> **WORK REQUEST**:
Please return exactly the lines below that run from the line with "Widok ogólny Muzeum Młynarstwa w Jaraczu" through the end of the listing, both included, but not the pictures.
# # #
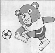
ママさんバレーボールチーム 日新クラブの巻

あと100日余りに迫った国体。私たち市民一人ひとりが協力し合い、訪れる人たちを温かく迎え、ぜひとも成功させたいものです。
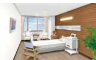
5F 母体胎児集中治療室
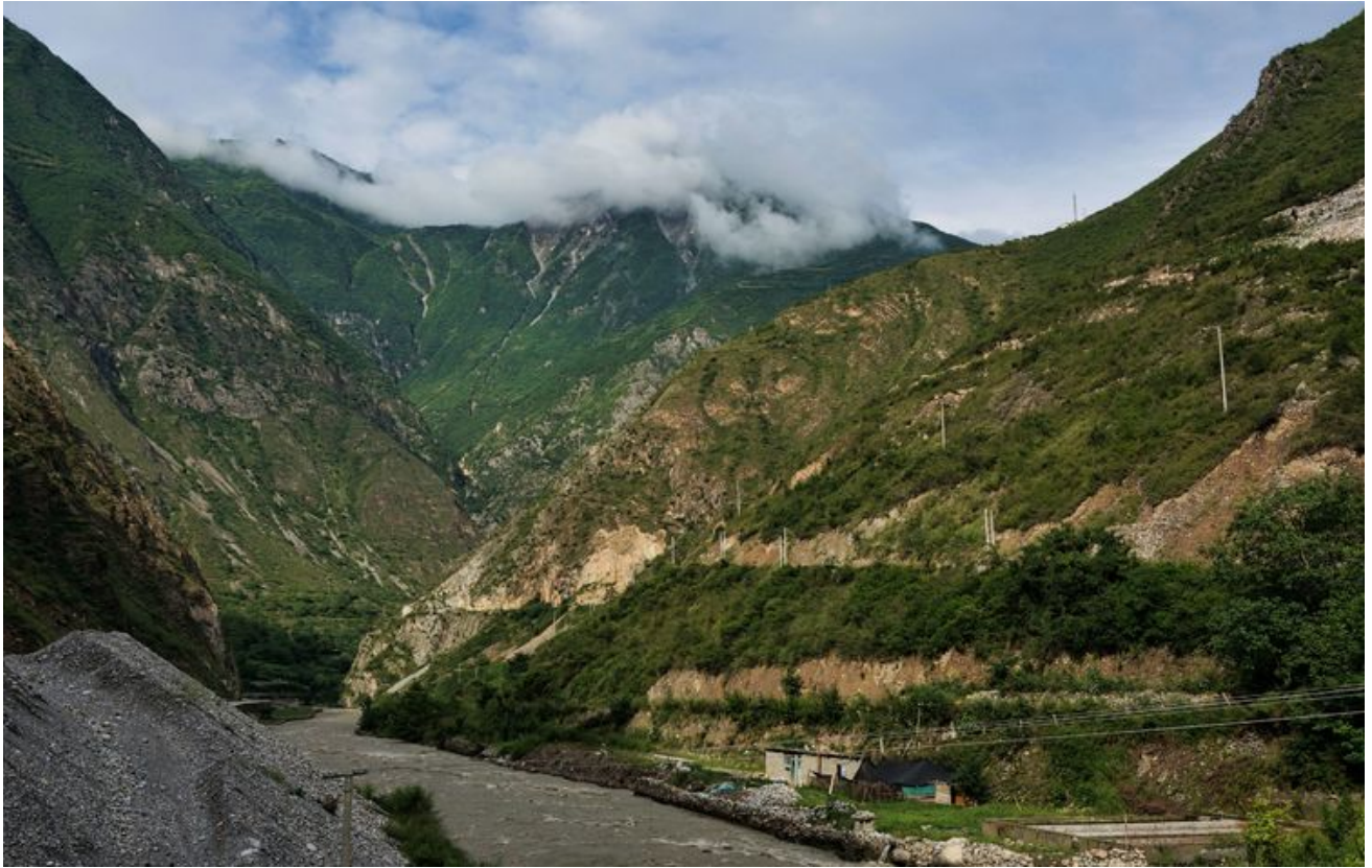
虽然修建或拓宽了道路，但还是不好走。
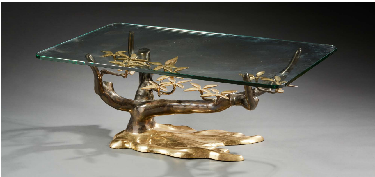
79. Willy DARO (attribuée à) Table basse « Bonsaï » en bronze doré et patiné canon de fusil à décor d'arbres et de feuilles à plateau en verre blanc rectangulaire et angles arrondis. Haut. : 42 cm - plateau : 110 x 70 cm 600 / 800 €
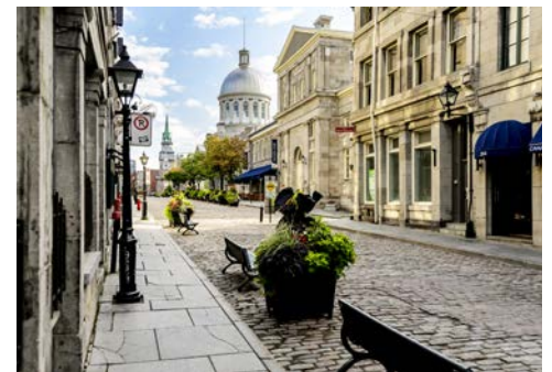
Sie wännen sich in Paris? Nein, das ist Montréal!
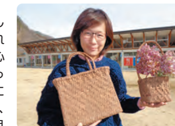
山ぶどうのカゴが完成しました！

昨年12月から始めた山ぶどうツルのカゴ編みはようやく完成となりました。1つは定番のバッグ型、もう1つはバッグ作りで出た切れ端で作った花入れです。編み方が早い人は1ヶ月で2～3個のバッグを作れるそうですが、初心者の私は3ヶ月もかかってしまいました。編み終わると、タワシでゴシゴシこすって毛羽立たせ、毛羽立ちをガスバーナーであぶるという作業を繰り返して、最後に内側に布を貼って仕上げます。後は使うことで独特のツヤが増えていくそうで、100年保つといわれる山ぶどうのカゴの成長を楽しみたいです。また広報2月号に山ぶどうのカゴ編みをしていることを書いたところ、片品でもミヤマカンスゲ(通称:岩芝)でカゴ編みをしていた人が越本にいたことなどを教えてくださる方がおり、大変参考になりました。現在もカゴ編みができる方をご存じの方がおられましたら、是非お知らせください。
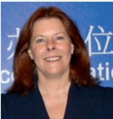
Propuesta de Michele Patterson, Presidenta de la AIIT, junio de 2008
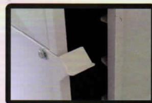
Sistema abre/fecha Sistema abre y cierra Open/close system

Bandeja para pão salgado (58x68cm) opcional Bandeja para pan salado opcional (58x68cm) Tray to salty bread optional (58x68cm)
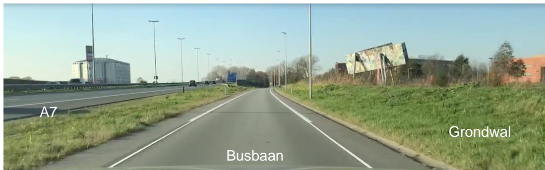
Figuur 8: Busbaan

Tevens kan er dan geen gebruik worden gemaakt van de bestaande aarden wal langs de busbaan die zorgt voor de eerste 60 cm verhoging.
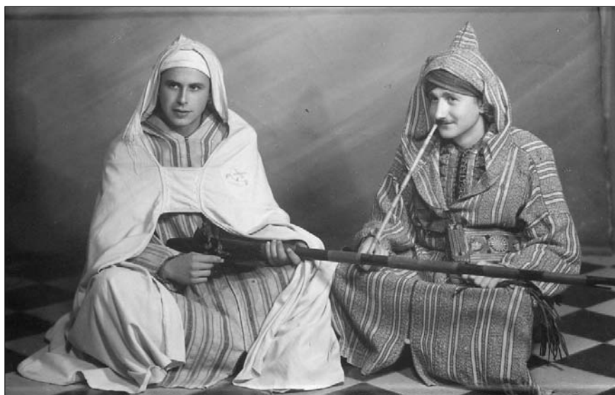
Fig. 5. — Foto de dos personas disfrazadas de marroquíes.
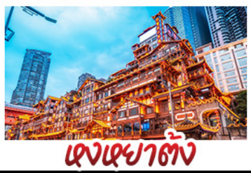
เขงเขาตัง
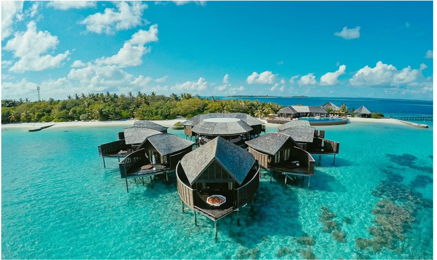
Süd Ari Atoll
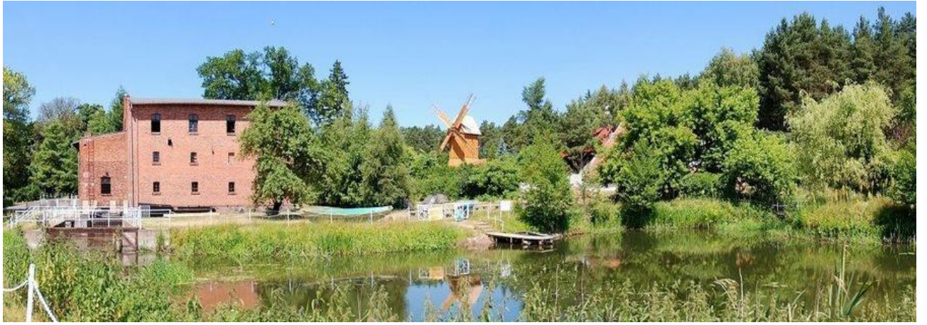
Widok ogólny Muzeum Młynarstwa w Jaraczu
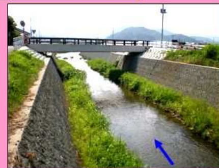
改修後 例) 田中橋
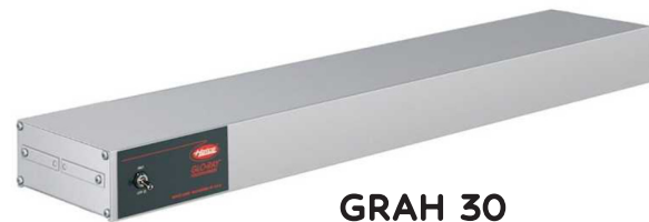
GRAH 30 GRAH 54
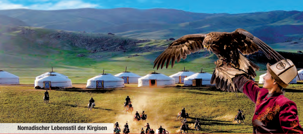
Nomadischer Lebensstil der Kirgisen

Erleben Sie Zentralasien in der Kleingruppe intensiv und in bester Gesellschaft
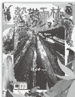
熱帯雨林のコレクション 横塚真己(ラレーベル館)

世界6か所の熱帯雨林を豊富な写真で紹介。地上の生き物の種類の半分以上がすむ熱帯雨林は命のつながりを実感させてくれる「生命の宝箱」です。
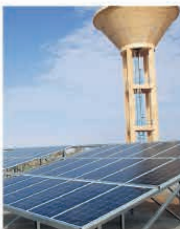
Zonnepanelen bij de waterpomp dynamis.
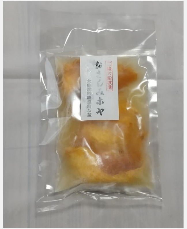
お刺身ホヤ冷凍パック
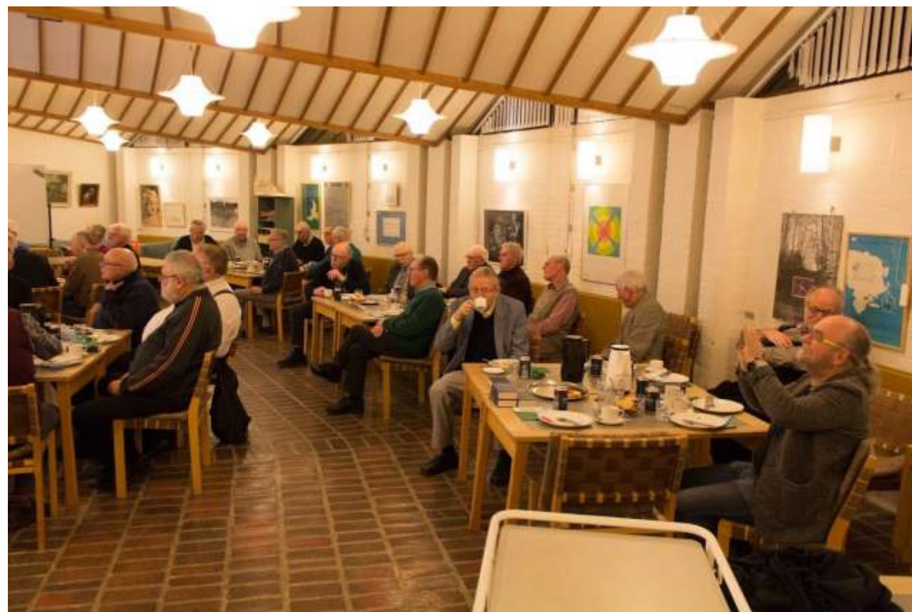
Motiv fra en klassisk mandsklub-aften!
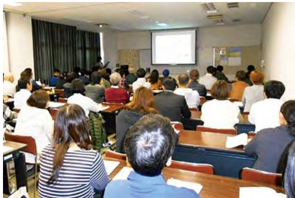
HACCPワークショップ型セミナー
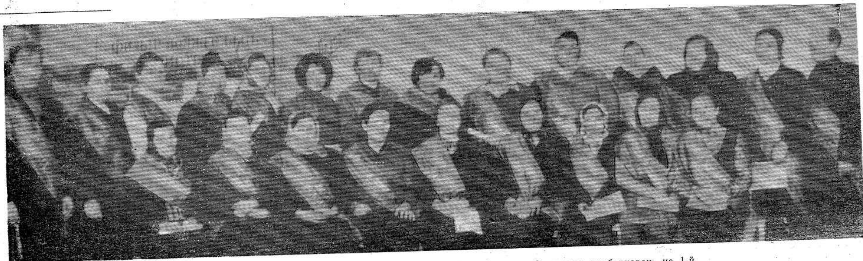
НА СНИМКЕ: работники животноводческих ферм, которым

В нынешнем году наши труженники приложат все силы для того, чтобы сработать так же хорошо, как и в минувшем.
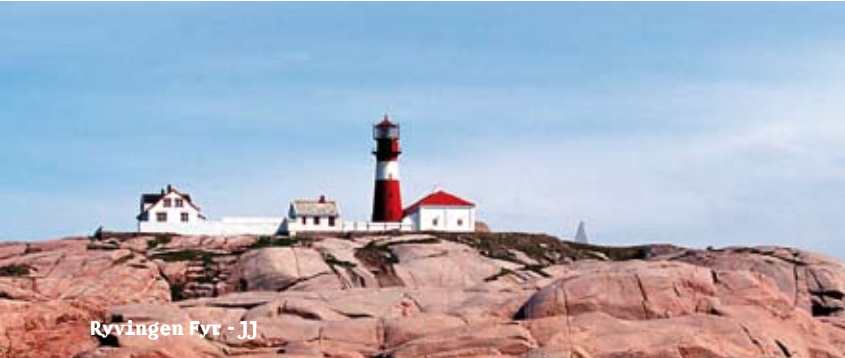
Ryvingen Fyr - JJ
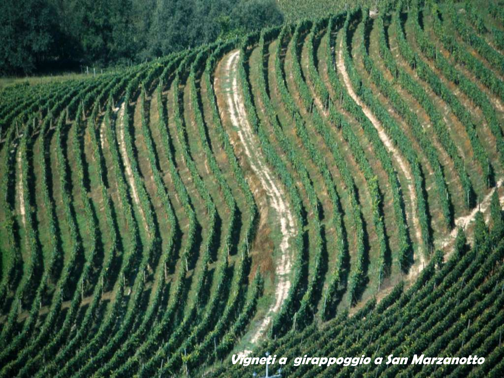
Vigneti a girappoggio a San Marzanotto
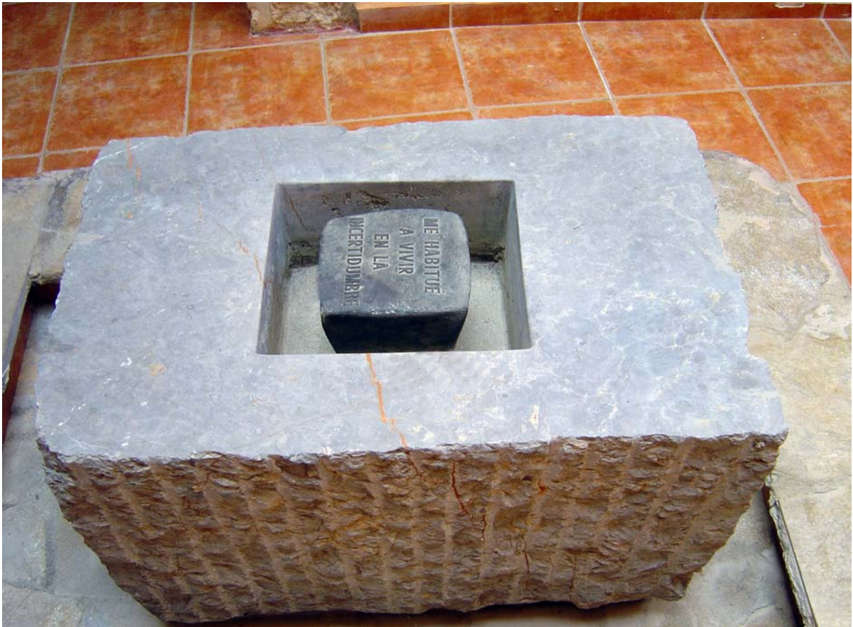
Me habitué a vivre en la incertidumbre. Castellvell, 1990. Marbre de Markina i bronze. 91 x 60 x 58 cm.

fragmentació, trenca les coses a bocins per arribar a tenir la sensació que el món es fa comprensible i a l'abast de la ment.
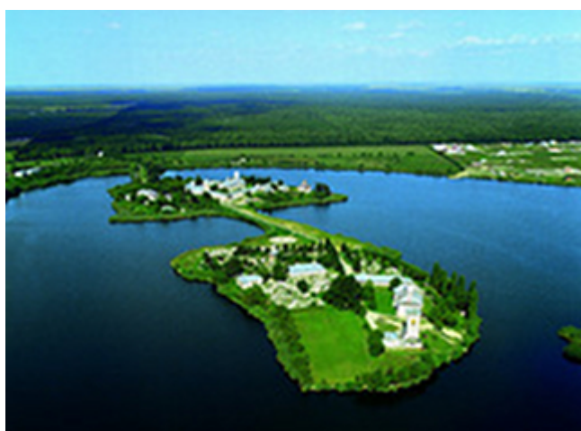
Πανοραμική άποψη Μονής Τσερνίκα στη Ρουμανία
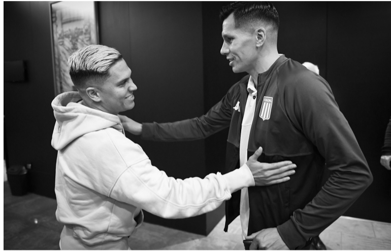
Compañero nuevo. Mientras tanto, llegó Quintero. - Racing -
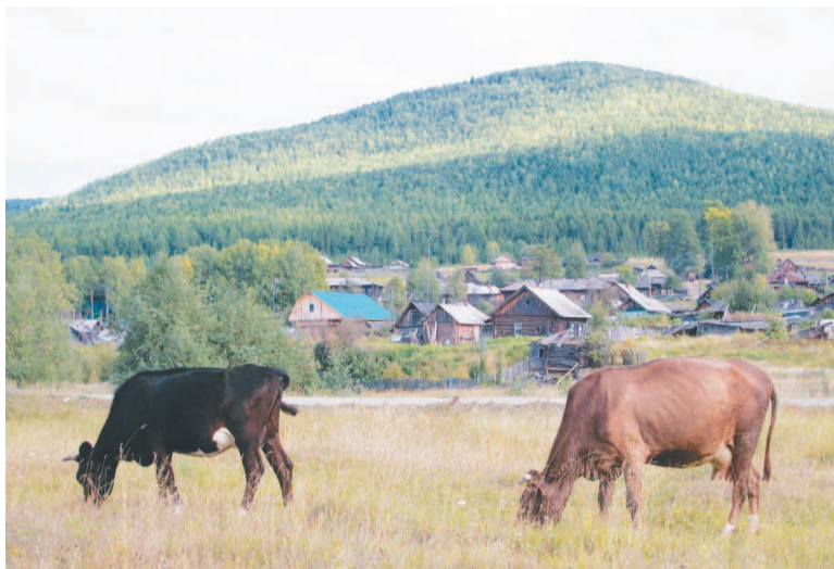
Пейзаж почище швейцарского.

Отзывы о теперешней жизни в поселке стандартные: дороги отвратные, уличного освещения нет и в помине, с электричеством перебои, покосы заброшены, загороди для скотины все попадали — словом, поселок в полном бесперспективном запущении. Даже милиции теперь не стало, ни одного участкового (если он где-то и числится, то люди
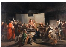
Martin Ferdinand Quadal, Der Aktsaal der Wiener Akademie im St. Anna Gebäude , 1787 © Gemäldegalerie der Akademie der bildenden Künste Wien
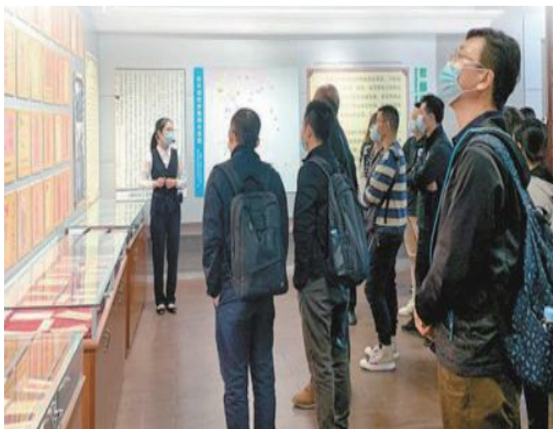
游客在广东汕头侨批文物馆参观。
# # #
> **EXERCISE ANSWER**:
Widok ogólny Muzeum Młynarstwa w Jaraczu
改修後 例) 田中橋
GRAH 30 GRAH 54
Nomadischer Lebensstil der Kirgisen

Erleben Sie Zentralasien in der Kleingruppe intensiv und in bester Gesellschaft
熱帯雨林のコレクション 横塚真己(ラレーベル館)

世界6か所の熱帯雨林を豊富な写真で紹介。地上の生き物の種類の半分以上がすむ熱帯雨林は命のつながりを実感させてくれる「生命の宝箱」です。
Zonnepanelen bij de waterpomp dynamis.
お刺身ホヤ冷凍パック
Motiv fra en klassisk mandsklub-aften!
HACCPワークショップ型セミナー
НА СНИМКЕ: работники животноводческих ферм, которым

В нынешнем году наши труженники приложат все силы для того, чтобы сработать так же хорошо, как и в минувшем.
Ryvingen Fyr - JJ
Vigneti a girappoggio a San Marzanotto
Me habitué a vivre en la incertidumbre. Castellvell, 1990. Marbre de Markina i bronze. 91 x 60 x 58 cm.

fragmentació, trenca les coses a bocins per arribar a tenir la sensació que el món es fa comprensible i a l'abast de la ment.
Πανοραμική άποψη Μονής Τσερνίκα στη Ρουμανία
Compañero nuevo. Mientras tanto, llegó Quintero. - Racing -
Пейзаж почище швейцарского.

Отзывы о теперешней жизни в поселке стандартные: дороги отвратные, уличного освещения нет и в помине, с электричеством перебои, покосы заброшены, загороди для скотины все попадали — словом, поселок в полном бесперспективном запущении. Даже милиции теперь не стало, ни одного участкового (если он где-то и числится, то люди
Martin Ferdinand Quadal, Der Aktsaal der Wiener Akademie im St. Anna Gebäude , 1787 © Gemäldegalerie der Akademie der bildenden Künste Wien
游客在广东汕头侨批文物馆参观。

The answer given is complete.